A borehole stability model has been developed that takes into account both the mechanical and chemical aspects of the interactions between drilling fluid and shale (Mody and Hale, 1993). Chemically induced stress alteration, based on the thermodynamics of differences in water molar free energies of the drilling fluid and shale is combined with mechanically induced stress. Based on this model, it should be possible to obtain the optimal mud weight and salt concentration for drilling fluids.
Further stability models based on surface area, equilibrium water-content–pressure relationships, and electric double-layer theory can successfully characterize borehole stability problems (Wilcox, 1990). The application of surface area, swelling pressure, and water requirements of solids can be integrated into these models, and mud process control approaches can be derived, which improve the design of WBM in active or older shales.

Shale Inhibition with Water-based Muds

One potential mechanism by which polymers may stabilize shales is by reducing the rate of water invasion into the shale. This is not the only mechanism involved in shale stabilization (Ballard et al., 1993); there is also an effect of the polymer additive.

Inhibiting Reactive Argillaceous Formations

Argillaceous formations are very reactive in the presence of water. Such formations can be stabilized by bringing them in contact with a polymer solution that contains hydrophilic and hydrophobic links (Audibert et al., 1997). The hydrophilic portion consists of polyoxyethylene, with hydrophobic end groups based on isocyanates. The polymer is capable of inhibiting the swelling or dispersion of argillaceous rock because of its adsorptive and hydrophobic capacities.

Thermal Treatment to Increase the Permeability

To increase the permeability of a certain region of the reservoir, the liquid-absorbed water is evaporated by heating the portion to above the boiling point of water, taking into account the ambient pressure (Jamaluddin and Nazarko, 1994; Reed, 1993). The liquid water is evaporated by injecting a water-undersaturated gas, such as heated nitrogen, into the reservoir.

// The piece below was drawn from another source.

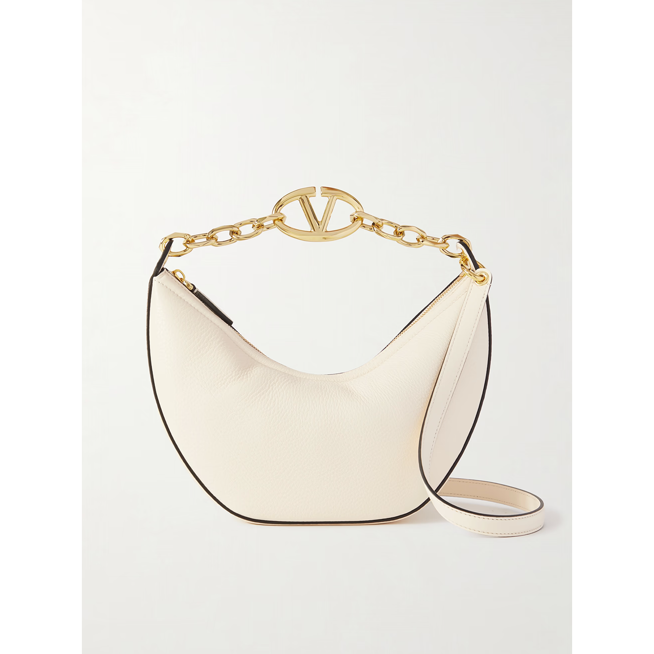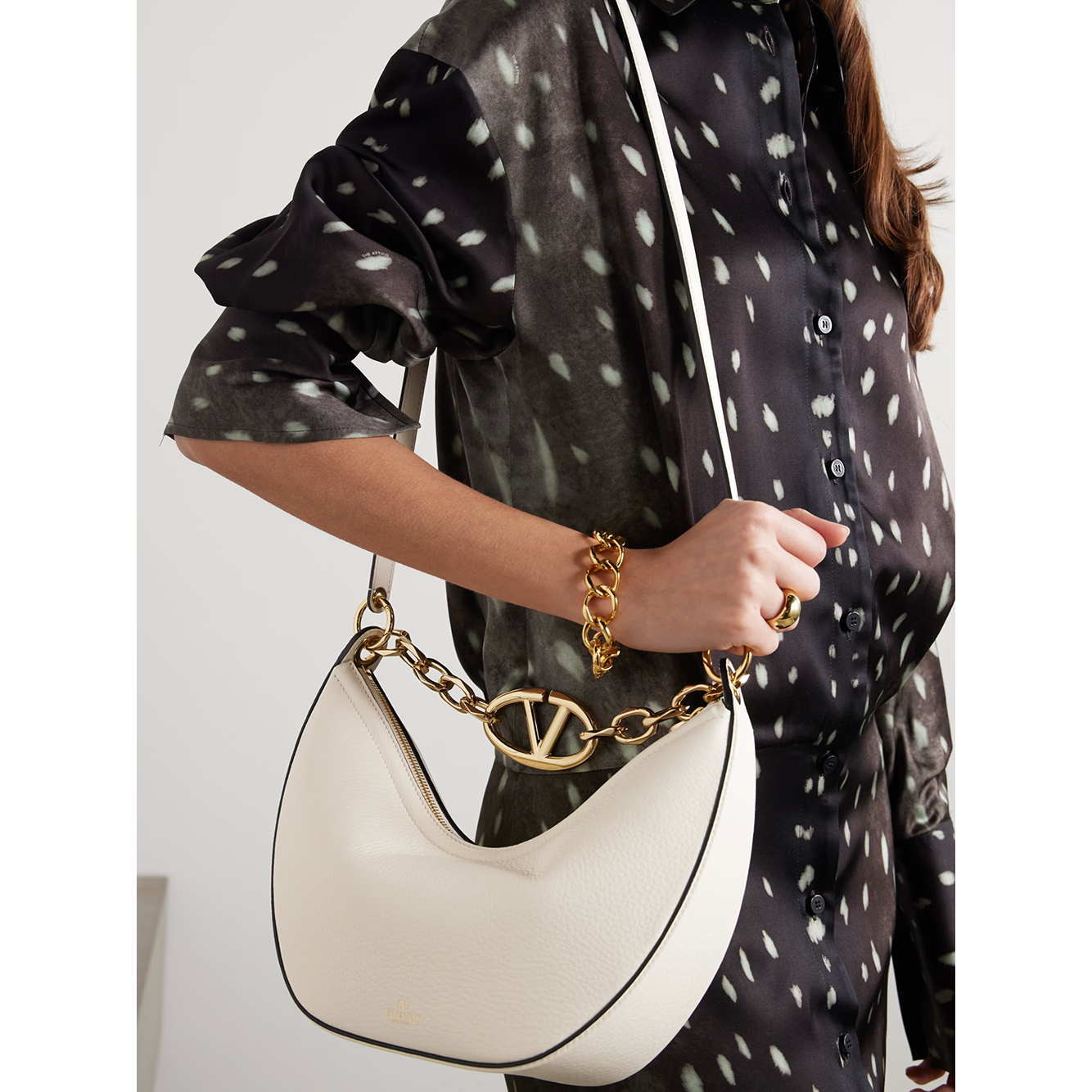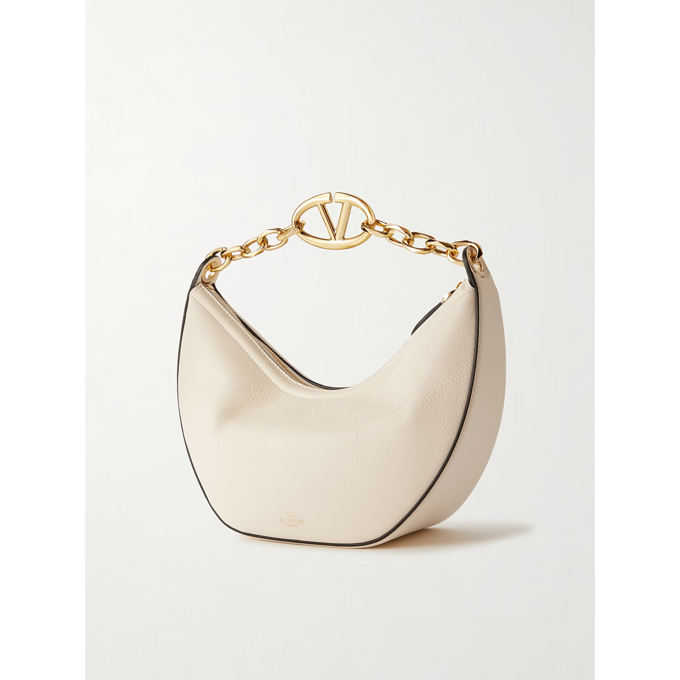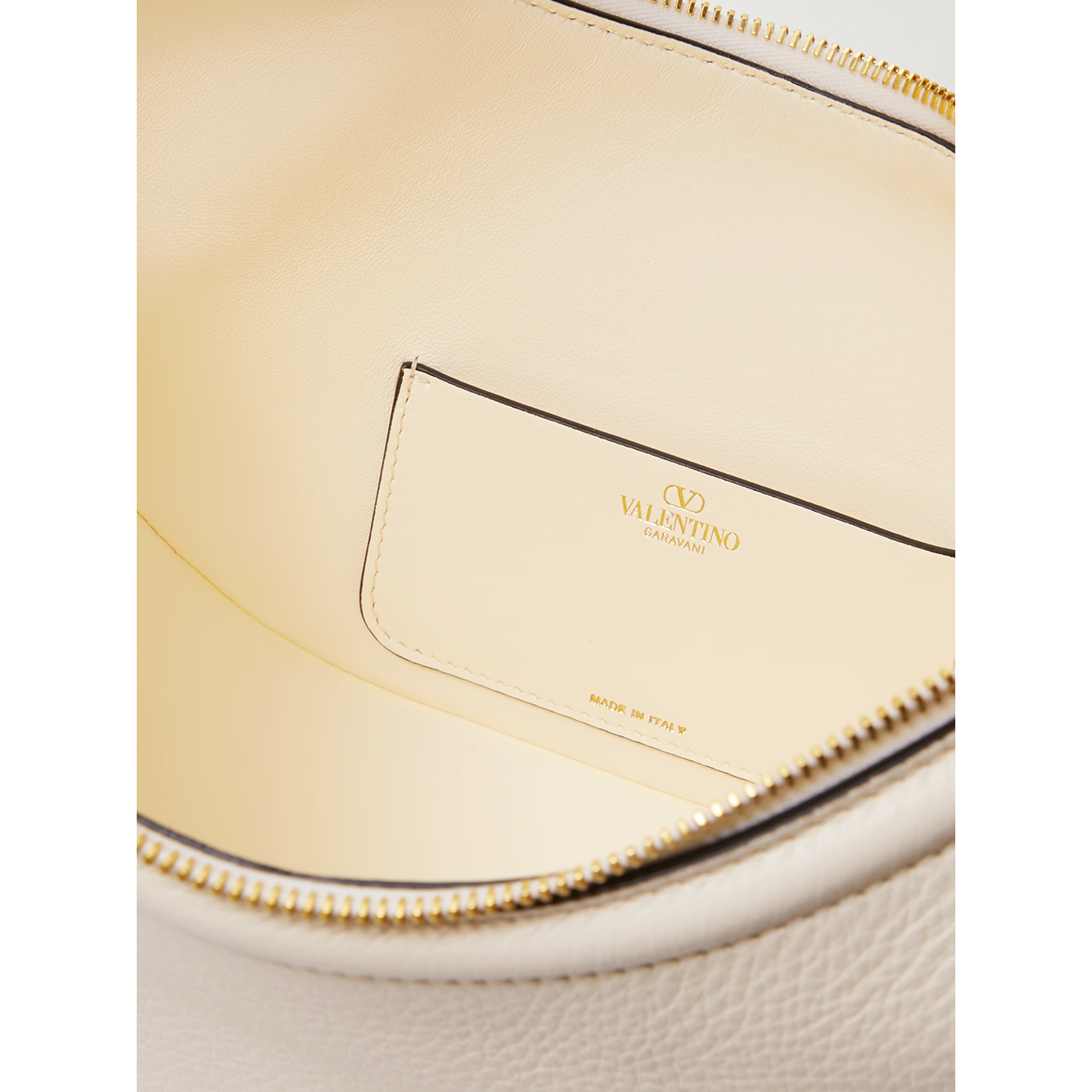 Valentino Garavani Ivory Leather Small Hobo Vlogo Shoulder Bag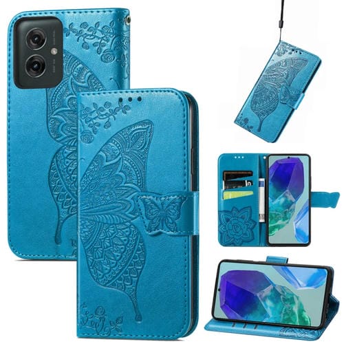 Funda de Cuero con Relieve Mariposa y Flor para Motorola Moto G55 (Azul)

Formation Damage by Fluids

Formation damage due to invasion by drilling fluids is a well-known problem in drilling. This is caused by the differential pressure between the hydrostatic column and the formation pressure, especially in low-pressure or depleted zones (Whitfill et al., 2005).
Invasion is also caused by openings in the rock, and the ability of fluids. When drilling depletes sands under overbalanced conditions, the mud will penetrate progressively into the formation unless there is an effective flow barrier present at the wellbore wall.
Horizontal drilling may also drill across highly fractured or permeable, low-pressure or depleted zones, which increases the probability of the drill pipe getting stuck due to it lying on the low side of the borehole. The exposure of numerous fractures or openings with low formation pressures will increase the problems of lost circulation and formation invasion (Whitfill et al., 2005).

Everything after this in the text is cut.